Source: The Indian express

Written by: Ashok Gulati (Infosys Chair Professor for Agriculture at ICRIER)

Topic in syllabus: Hunger (GS-2) | Cropping Patterns in various parts of the country | Different Types of Irrigation and Irrigation Systems; Storage, Transport and Marketing of Agricultural Produce and Issues and Related Constraints | Issues related to Direct and Indirect Farm Subsidies and Minimum Support Prices; Public Distribution System – Objectives, Functioning, Limitations, Revamping; Issues of Buffer Stocks and Food Security (GS-3)

Analysis about: This editorial talks about issues associated with agriculture & the need of agri-food policy.

Introduction:

·      Framing an optimal agri-food policy in India is the need of the hour. UN population projections (2019) indicate that India is likely to be the most populous country by 2027.

·      By 2030, the country is likely to have almost 600 million people living in urban areas, who would need safe food from the hinterlands. 

·      Indian agriculture has an average holding size of 1.08 hectare (2015-16 data), while engaging 42 per cent of the country’s workforce. Cultivable land and water for agriculture are limited and already under severe pressure.

Issues associated with the Indian agriculture & Why do we need agri-food policy?

·      It is believed that developing countries should invest at least one per cent of their agri-GDP in agri-R&D and extension. India invests about half.

·      India’s critical failing has been the inability to protect its natural resource endowments, especially water and soil.

·      Free electricity for pumping groundwater and highly subsidised fertilisers, especially urea, are damaging groundwater levels and its quality, especially in the Green Revolution states of Punjab, Haryana and western Uttar Pradesh.

·      This region is crying for crop diversification, especially reducing the area under rice by almost half, while augmenting farmers’ incomes.

·      Sugar and wheat are being produced at prices higher than global prices, and these crops can’t be exported unless they are heavily subsidised.

·      Excessive stocks of wheat and rice with the Food Corporation of India (FCI) are putting pressure on the agency’s finances.

·      Rice remains globally competitive, but it should be remembered that in exporting rice we are also exporting massive amounts of precious water — almost 25-30 billion cubic meters, annually. This is the water that is pumped for rice cultivation, enabled by subsidised power supply.

·      All these are signs of sub-optimal agri-food policies.

·      In the marketing segment also, for most of our agri-commodities, our costs remain high compared to several other developing countries due to poor logistics, low investments in supply lines and high margins of intermediaries.

·      Basic hunger has been more or less conquered, but the biggest challenge for next 10 years is that of malnutrition, especially amongst children. It is a multi-dimensional problem.

·      From women’s education, to immunisation and sanitation, to nutritious food, all have to be addressed on a war footing.

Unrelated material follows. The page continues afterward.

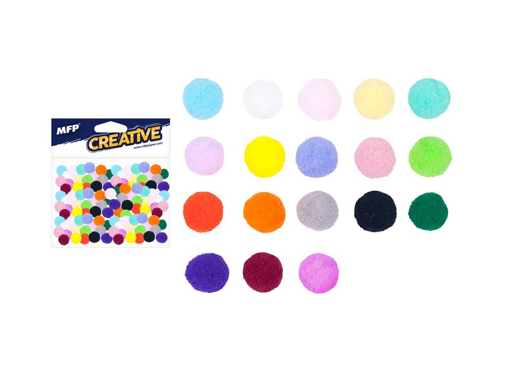 Plyšové kuličky Pompom. Jsou ideální na kreativní tvoření, učení barev nebo počítání. Dají se z nich vyrobit postavičky, zvířátka nebo květinky. Můžete s nimi ozdobit přáníčko, notes ale i oděvy, záleží jen na vaší fantazii.OBSAH BALENÍ:

·      The public distribution of food, through PDS, that relies on rice and wheat, and that too at more than 90 per cent subsidy over costs of procurement, stocking and distribution, is not helping much. It is already blowing up the finances of FCI, whose borrowings have touched Rs 3 lakh crore.

How should the policy be like?

·      The policy should look at issues pertinent to not only the short run but also try to address medium to long-term challenges.

·      It should be able to produce enough food, feed and fibre for its large population.

·      It should do so in a manner that not only protects the environment — soil, water, air, and biodiversity — but achieves higher production with global competitiveness.

·      It should enable seamless movement of food from farm to fork, keeping marketing costs low, save on food losses in supply chains and provide safe and fresh food to consumers.

·      Consumers should get safe and nutritious food at affordable prices. At the centre of all these is the farmer, whose income needs to go up with access to best technologies and best markets in the country, and abroad.

·      On the production front, the best policy is to invest in R&D for agriculture, and its extension from laboratories to farms and irrigation facilities.

What is the way forward?

·      There is a need to switch from the highly subsidised input price policy (power, water, fertilisers) and MSP/FRP policy for paddy, wheat and sugarcane, to more income support policies linked to saving water, soil and air quality.

·      Beneficiaries of subsidised rice and wheat need to be given a choice to opt for cash equivalent to MSP plus 25 per cent. The FCI adds about 40 per cent cost over the MSP while procuring, storing and distributing food.

·      This cash option will save some money to the FM and also lead to supplies of more diversified and nutritious food to the beneficiaries.

·      All this would mean setting agri-food policies on a demand-driven approach, protecting sustainability and efficiency in production and marketing, and giving consumers more choice for nutritious food at affordable prices.